--- START ---

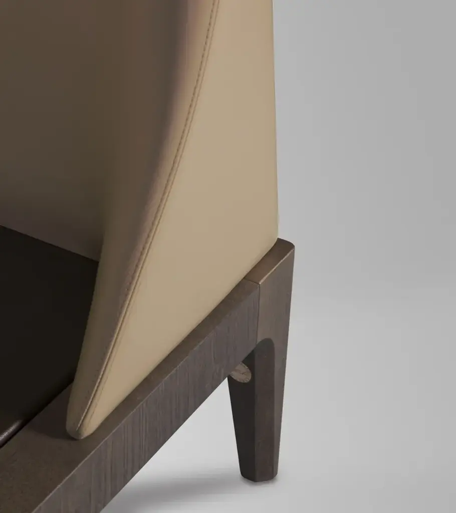Bed made of ash wood with upholstered headboardThe BELLAGGIO collection features strong and refined details, such as chamfers and taperings, adding simplicity and appeal. Angled bevels make the structure thinner and lighter, delicate though resistant. These are extremely versatile pieces, apt to furnish a variety of environments, from sober and sophisticated rooms to the most glamorous and exclusive spaces. Their essential shapes, interpreted by contemporary timeless design, are enhanced by the highest quality craftsmanship of leather and wood.
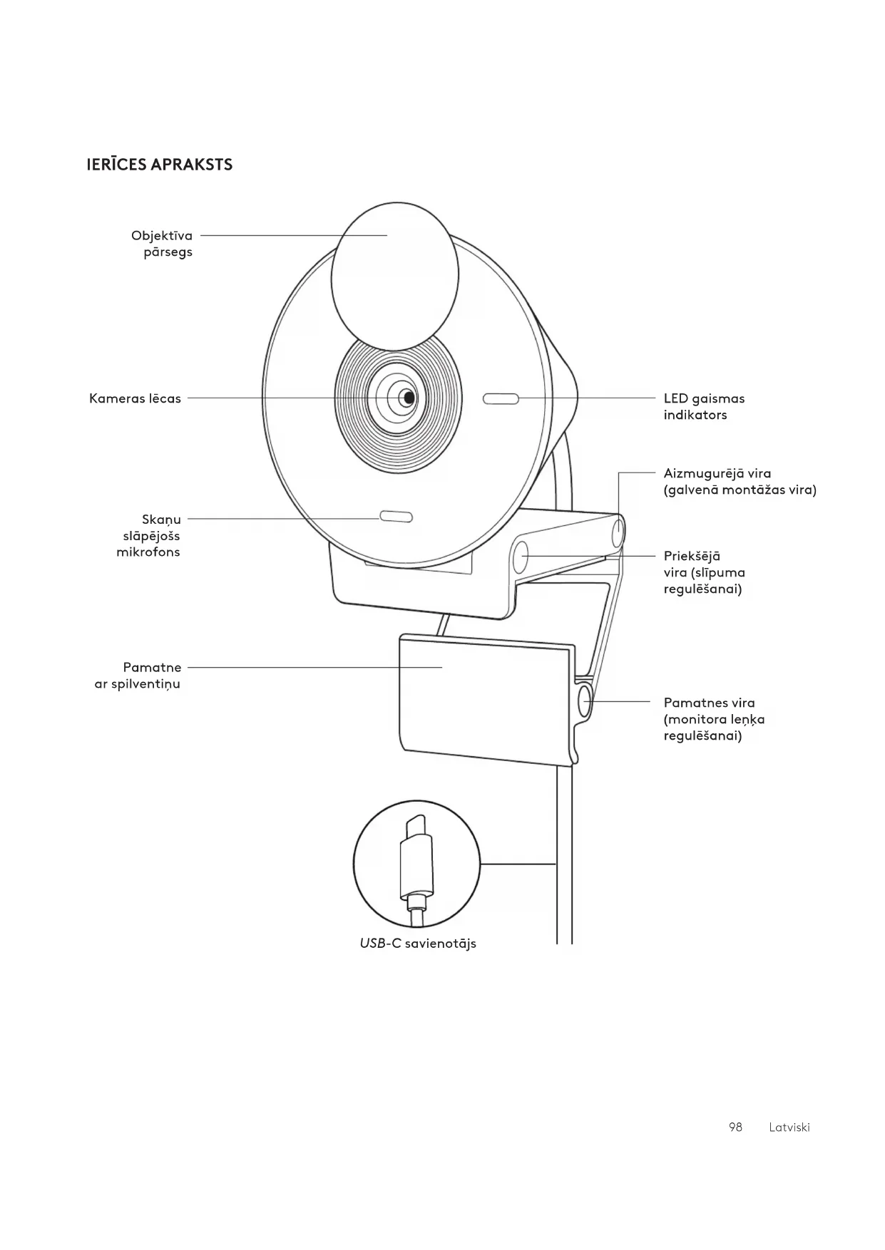 “Logi Tune” palīdz uzlabot tīmeka kameras sniegumu, regulāri nodrošinot programmatūras un aparātprogrammatūras atjauninājumus. Ieteicams atjaunināt tīmeka kameru unizmantot “Brio 300” lieliskās iespējas . Lai to izdarītu, lejupielādējiet “Logi Tune” vietnē www.logitech.com/tune “Logi Tune” Tīmekļa kamera Augstumsxplatumsxdziums: 65,63mm (2,58collas)x53,1mm (2,09collas)x45mm (1,78collas), ieskaitot stiprinājuma skavu Izstrādājuma svars: 74,6g (2,63unces), ieskaitot stiprinājuma skavu un kabeli Pievienotā kabeļa garums: 1,5m (5pēdas) IZMĒRI 101Latviski© 2023 “Logitech”. “Logitech”, “Logi” un “Logitech” logotips ir preču zīmes vai reistrētas preču zīmes, kas pieder uzēmumam “Logitech Europe S.A.” un/vai tā struktūrvienībām ASV un citās valstīs. “USB-C” un visas pārējās preču zīmes pieder to attiecīgajiem īpašniekiem. Uzēmums “Logitech” neuzemas nekādu atbildību par kūdām, kas var būt atrodamas šajā rokasgrāmatā. Šeit ietvertā informācija var tikt mainīta bez brīdinājuma. www.logitech.com/support/Brio300SUSIPAŽINKITE SU SAVO PRODUKTU LED indikacinė lemputė Priekinis vyris (pakreipimo reguliavimo) Kojelės vyris (monitoriaus kampo reguliavimo) Galinis vyris (pagrindinis tvirtinimo vyris) Privatumo uždanga Vaizdo kameros objektyvas Triukšmą slopinantis mikrofonas Paminkštinta kojelė USB C jungtis 103 LietuviųUSB-C
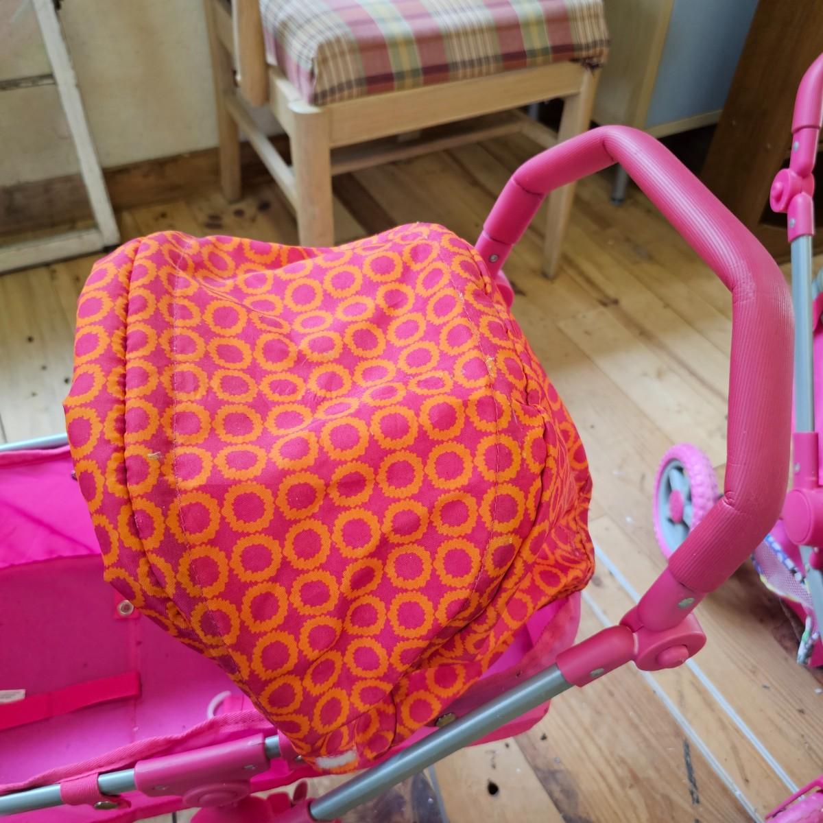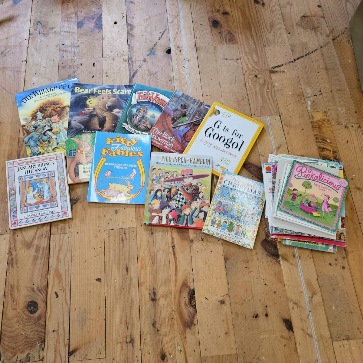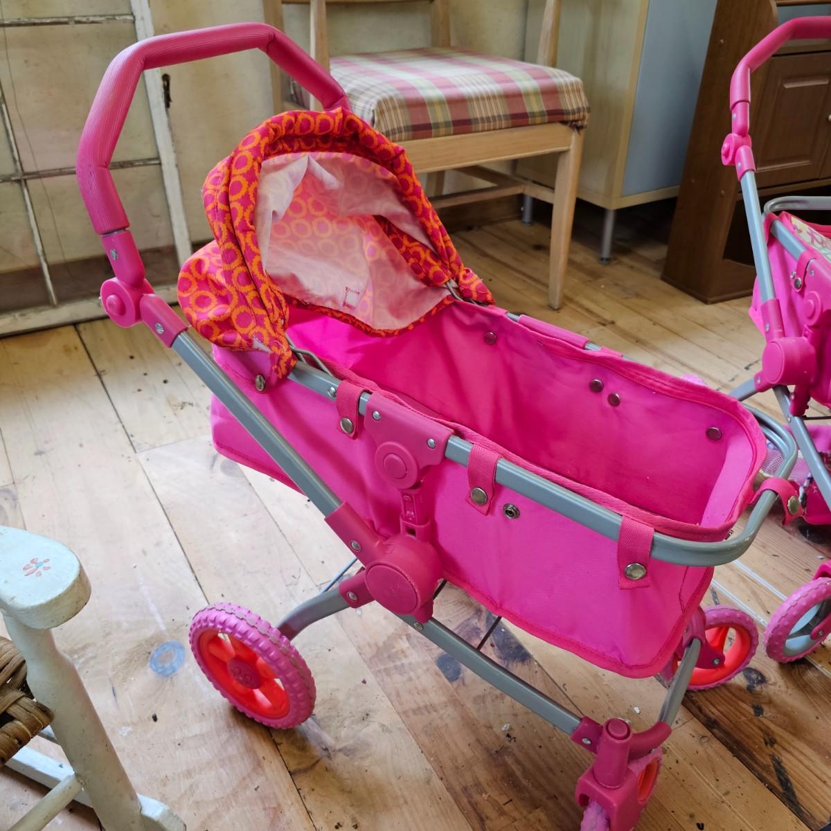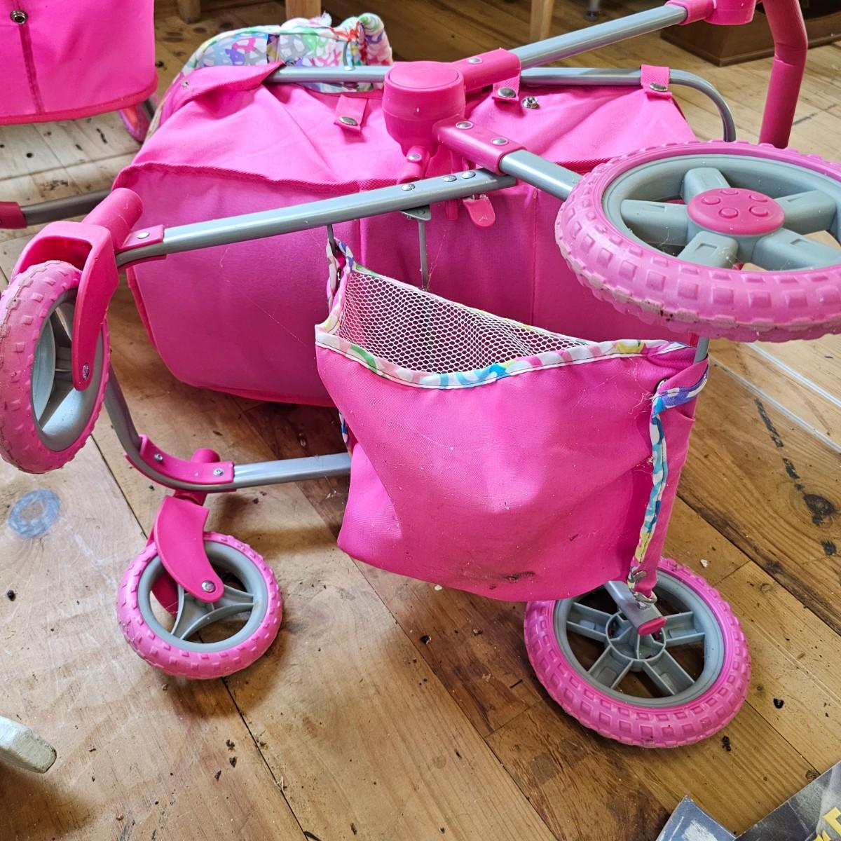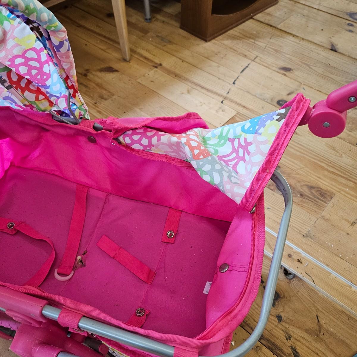 Two pink baby strollers for child's dolls or other. Movable hoods and will collapse for storage. 29" x 30" x 26"H. One large child's decorated rocking chair with split wood seat, measures 24" x 25" x 27"H, seat height 10". Smaller rocker is doll size, is 7" x 7" x 12"H, has split wood seat. One knitted baby blanket, 30" sq. And twenty-five children's books, Wizard of Oz, Pied Piper of Hamelin, more. See photos for details. Local pickup only.
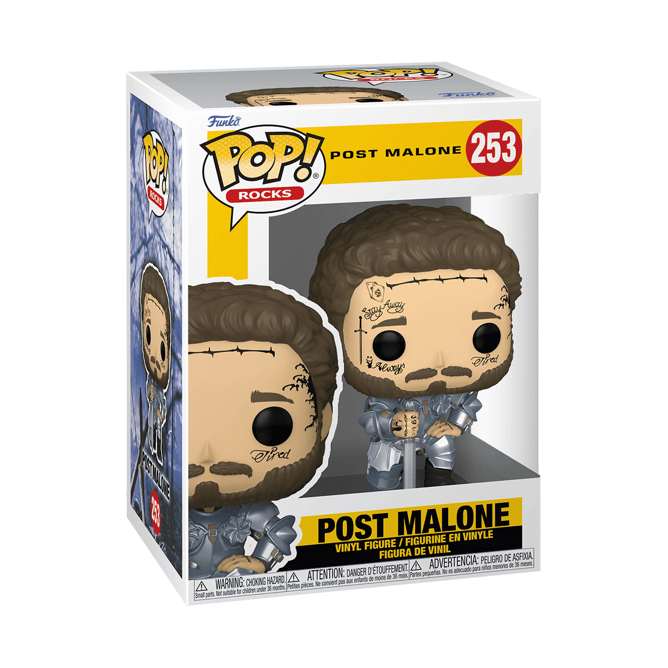 Collect American rap artist, Post Malone, for your music collection with this Pop! Post Malone dressed in a knight's suit of armor. Vinyl figure is approximately 4 in (10.2 cm) tall.
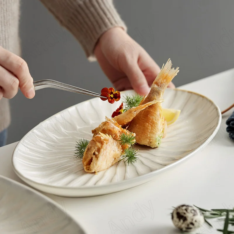 Современная керамическая тарелка, креативные полосатые рельефные тарелки для рыбы, Современная гостиная, ресторан, настольный лоток для фр...
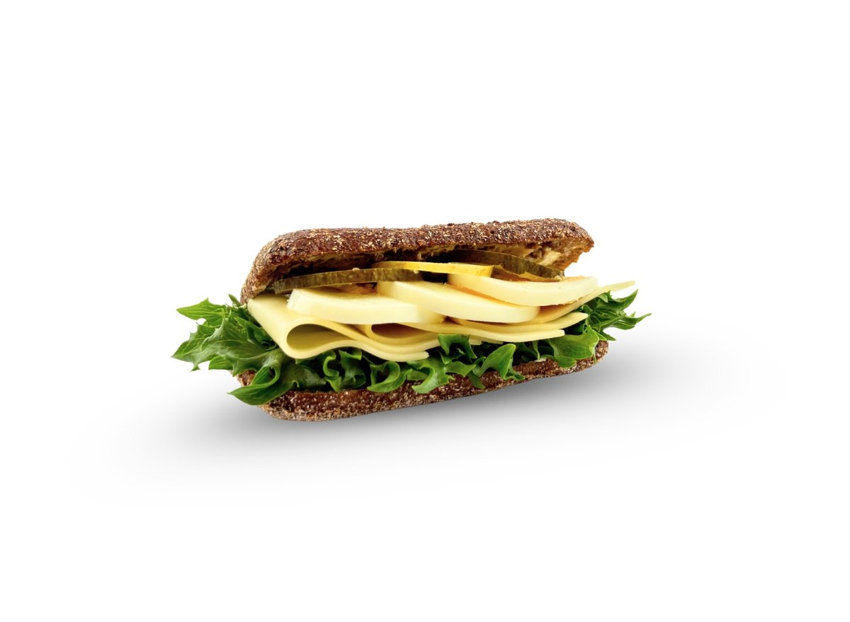 6-viljan patongin välissä goudajuustoa, kurkkua, tomaattia, salaattia sekä oivariinia.
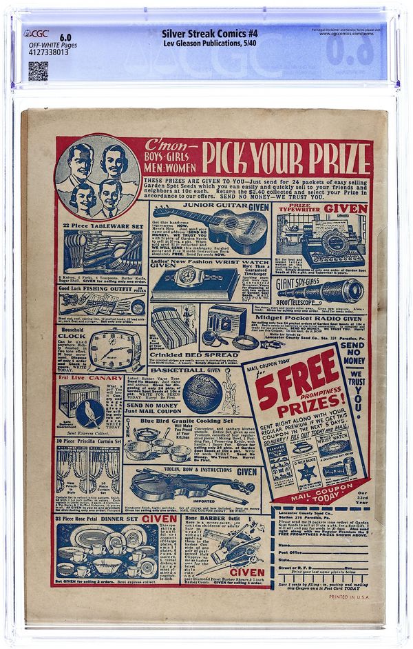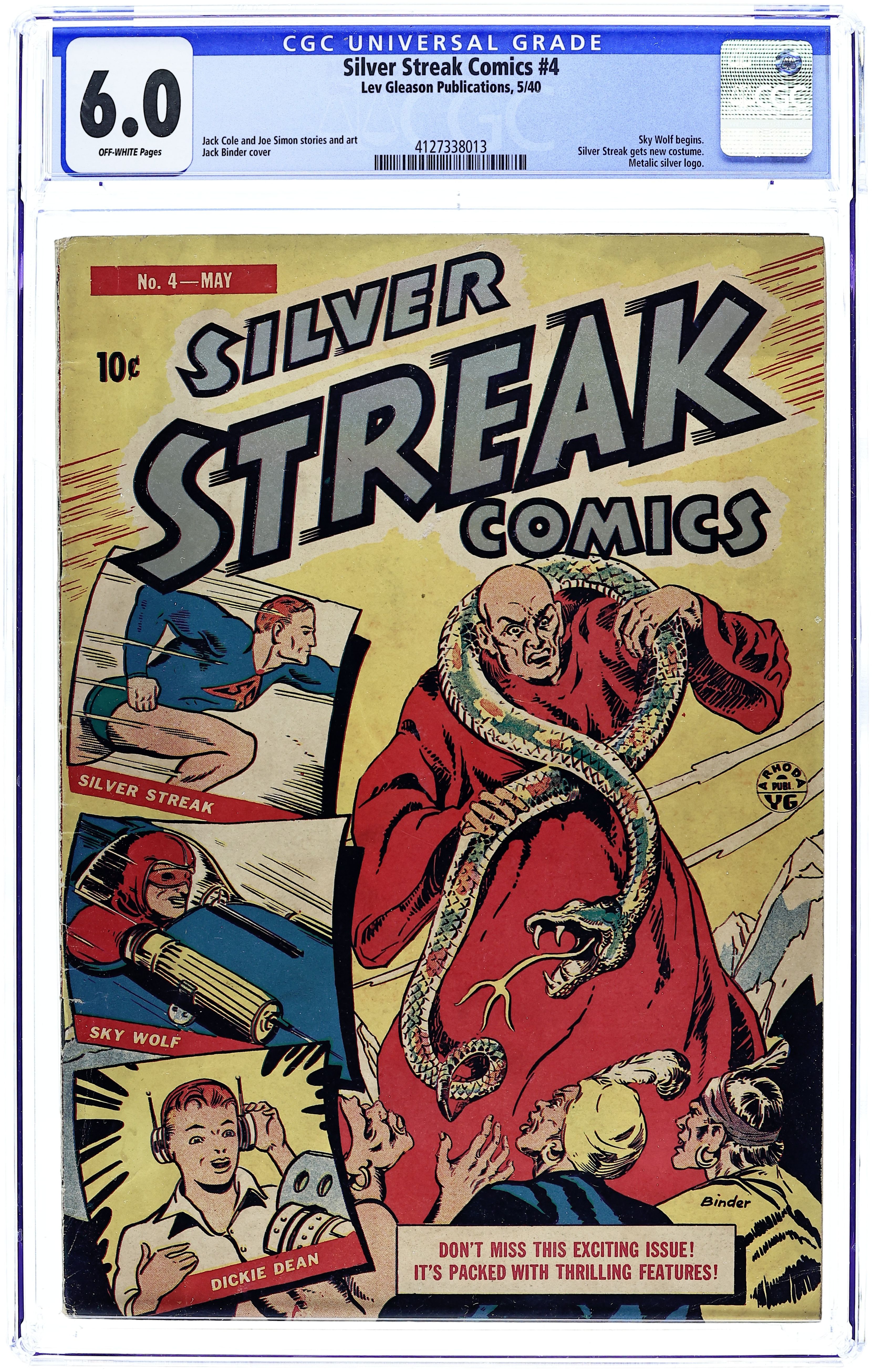 Cover art by Jack Binder. Silver Streak story, script and art by Jack Cole. Bill Wayne story. Lance Hale story with the Lizard Men. Dickie Dean story, script and art by Jack Cole. Ace Powers story with The Panther. Planet Patrol story, script and art by Joe Simon. Range Murder text story by Newton Alfred. Sky Wolf story. $0.10. Cover price $0.10.
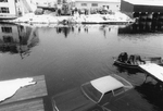 Description :UNE AUTOMOBILE EST ENFONCEE DANS LE LAC. A DROITE DEUX HOMMES SONT DANS UNE CHALOUPE. EN HAUT QUELQUES PERSONNES REGARDENT LA SCENE. ON APERCOIT UN QUAI A L'AVANT ET LES HANGARS DE LA MARINA EN ARRIERE-PLAN.
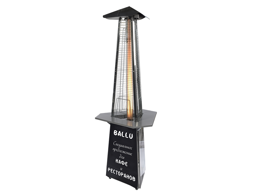 Столик разработан инженерами Ballu с учётом всех особенностей использования уличных обогревателей на летних верандах ресторанов и в уличных кафе.
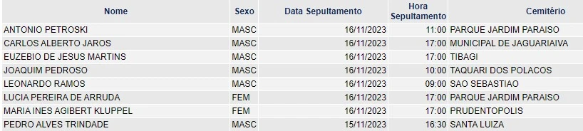 Obituário - 16/11/2023 | D'PontaNews

--- END ---

## Assignment
Every entry above should be given again exactly, with no images included.

## Your response
Bed made of ash wood with upholstered headboardThe BELLAGGIO collection features strong and refined details, such as chamfers and taperings, adding simplicity and appeal. Angled bevels make the structure thinner and lighter, delicate though resistant. These are extremely versatile pieces, apt to furnish a variety of environments, from sober and sophisticated rooms to the most glamorous and exclusive spaces. Their essential shapes, interpreted by contemporary timeless design, are enhanced by the highest quality craftsmanship of leather and wood.
 “Logi Tune” palīdz uzlabot tīmeka kameras sniegumu, regulāri nodrošinot programmatūras un aparātprogrammatūras atjauninājumus. Ieteicams atjaunināt tīmeka kameru unizmantot “Brio 300” lieliskās iespējas . Lai to izdarītu, lejupielādējiet “Logi Tune” vietnē www.logitech.com/tune “Logi Tune” Tīmekļa kamera Augstumsxplatumsxdziums: 65,63mm (2,58collas)x53,1mm (2,09collas)x45mm (1,78collas), ieskaitot stiprinājuma skavu Izstrādājuma svars: 74,6g (2,63unces), ieskaitot stiprinājuma skavu un kabeli Pievienotā kabeļa garums: 1,5m (5pēdas) IZMĒRI 101Latviski© 2023 “Logitech”. “Logitech”, “Logi” un “Logitech” logotips ir preču zīmes vai reistrētas preču zīmes, kas pieder uzēmumam “Logitech Europe S.A.” un/vai tā struktūrvienībām ASV un citās valstīs. “USB-C” un visas pārējās preču zīmes pieder to attiecīgajiem īpašniekiem. Uzēmums “Logitech” neuzemas nekādu atbildību par kūdām, kas var būt atrodamas šajā rokasgrāmatā. Šeit ietvertā informācija var tikt mainīta bez brīdinājuma. www.logitech.com/support/Brio300SUSIPAŽINKITE SU SAVO PRODUKTU LED indikacinė lemputė Priekinis vyris (pakreipimo reguliavimo) Kojelės vyris (monitoriaus kampo reguliavimo) Galinis vyris (pagrindinis tvirtinimo vyris) Privatumo uždanga Vaizdo kameros objektyvas Triukšmą slopinantis mikrofonas Paminkštinta kojelė USB C jungtis 103 LietuviųUSB-C
 Two pink baby strollers for child's dolls or other. Movable hoods and will collapse for storage. 29" x 30" x 26"H. One large child's decorated rocking chair with split wood seat, measures 24" x 25" x 27"H, seat height 10". Smaller rocker is doll size, is 7" x 7" x 12"H, has split wood seat. One knitted baby blanket, 30" sq. And twenty-five children's books, Wizard of Oz, Pied Piper of Hamelin, more. See photos for details. Local pickup only.
 Collect American rap artist, Post Malone, for your music collection with this Pop! Post Malone dressed in a knight's suit of armor. Vinyl figure is approximately 4 in (10.2 cm) tall.
 Современная керамическая тарелка, креативные полосатые рельефные тарелки для рыбы, Современная гостиная, ресторан, настольный лоток для фр...
 6-viljan patongin välissä goudajuustoa, kurkkua, tomaattia, salaattia sekä oivariinia.
 Cover art by Jack Binder. Silver Streak story, script and art by Jack Cole. Bill Wayne story. Lance Hale story with the Lizard Men. Dickie Dean story, script and art by Jack Cole. Ace Powers story with The Panther. Planet Patrol story, script and art by Joe Simon. Range Murder text story by Newton Alfred. Sky Wolf story. $0.10. Cover price $0.10.
 Description :UNE AUTOMOBILE EST ENFONCEE DANS LE LAC. A DROITE DEUX HOMMES SONT DANS UNE CHALOUPE. EN HAUT QUELQUES PERSONNES REGARDENT LA SCENE. ON APERCOIT UN QUAI A L'AVANT ET LES HANGARS DE LA MARINA EN ARRIERE-PLAN.
 Столик разработан инженерами Ballu с учётом всех особенностей использования уличных обогревателей на летних верандах ресторанов и в уличных кафе.
 Obituário - 16/11/2023 | D'PontaNews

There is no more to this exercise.